• **Supplied information**:
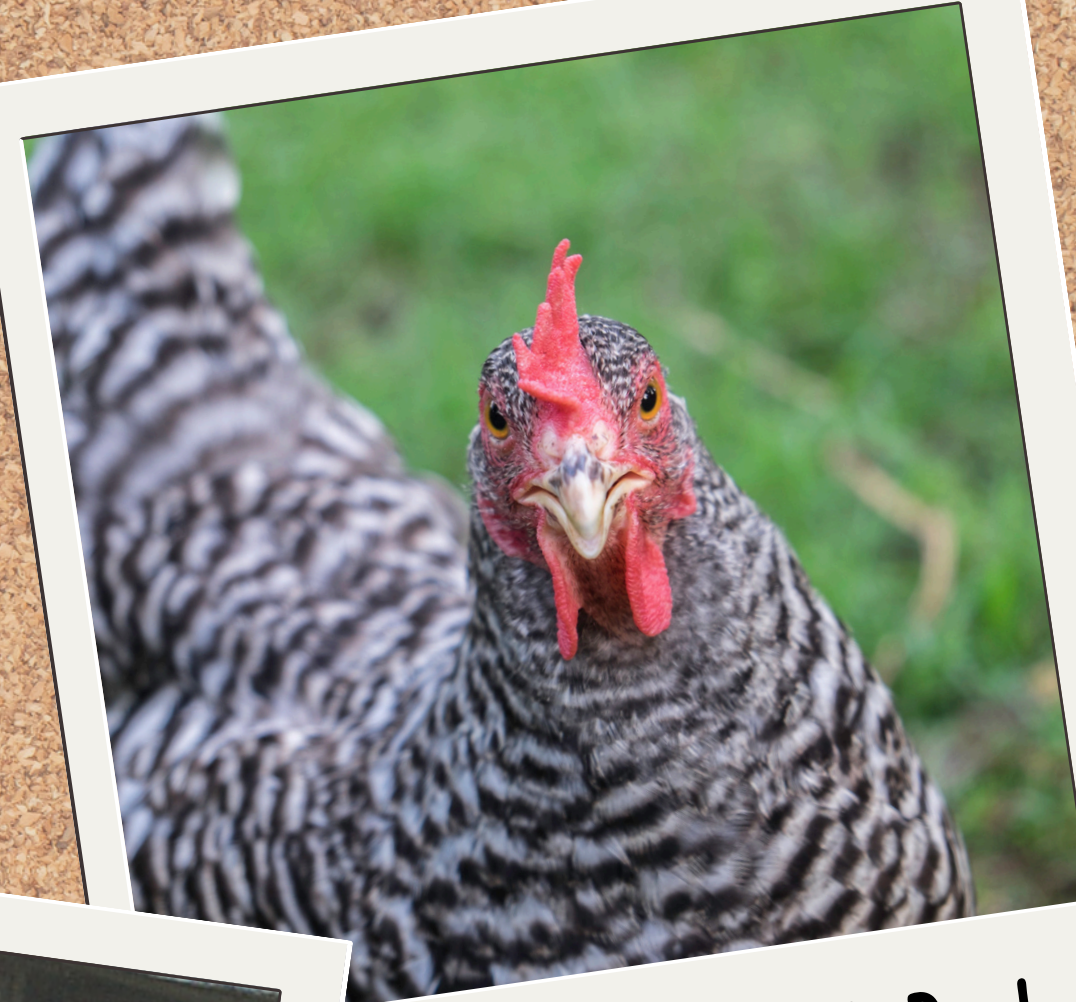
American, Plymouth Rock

--

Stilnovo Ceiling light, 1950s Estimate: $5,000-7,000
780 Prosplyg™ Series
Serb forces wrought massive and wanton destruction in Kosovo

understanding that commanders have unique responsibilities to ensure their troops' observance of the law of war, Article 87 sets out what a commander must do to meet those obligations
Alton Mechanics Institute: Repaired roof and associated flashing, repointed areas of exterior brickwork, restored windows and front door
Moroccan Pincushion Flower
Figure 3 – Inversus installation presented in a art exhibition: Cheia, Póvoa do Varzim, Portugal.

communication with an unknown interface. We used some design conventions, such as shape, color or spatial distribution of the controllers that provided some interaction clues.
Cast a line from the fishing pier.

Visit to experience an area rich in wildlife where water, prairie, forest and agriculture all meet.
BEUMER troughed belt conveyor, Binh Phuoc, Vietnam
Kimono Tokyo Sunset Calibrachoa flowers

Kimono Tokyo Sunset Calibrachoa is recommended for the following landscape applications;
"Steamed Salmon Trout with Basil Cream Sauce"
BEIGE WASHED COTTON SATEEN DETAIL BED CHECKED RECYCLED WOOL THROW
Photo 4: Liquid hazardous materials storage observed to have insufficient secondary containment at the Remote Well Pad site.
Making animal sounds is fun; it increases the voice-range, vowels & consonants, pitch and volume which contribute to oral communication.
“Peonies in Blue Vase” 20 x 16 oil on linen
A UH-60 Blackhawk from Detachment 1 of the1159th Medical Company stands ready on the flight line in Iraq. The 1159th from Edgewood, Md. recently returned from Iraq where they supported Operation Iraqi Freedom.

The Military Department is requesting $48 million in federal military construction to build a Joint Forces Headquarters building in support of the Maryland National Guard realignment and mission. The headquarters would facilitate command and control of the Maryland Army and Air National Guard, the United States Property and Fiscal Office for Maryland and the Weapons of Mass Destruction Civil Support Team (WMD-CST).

• **Exercise directions**:
Throughout the listing, how many lines contain the string "communication"? Give the number on its own.

• **Output of the exercise**:
2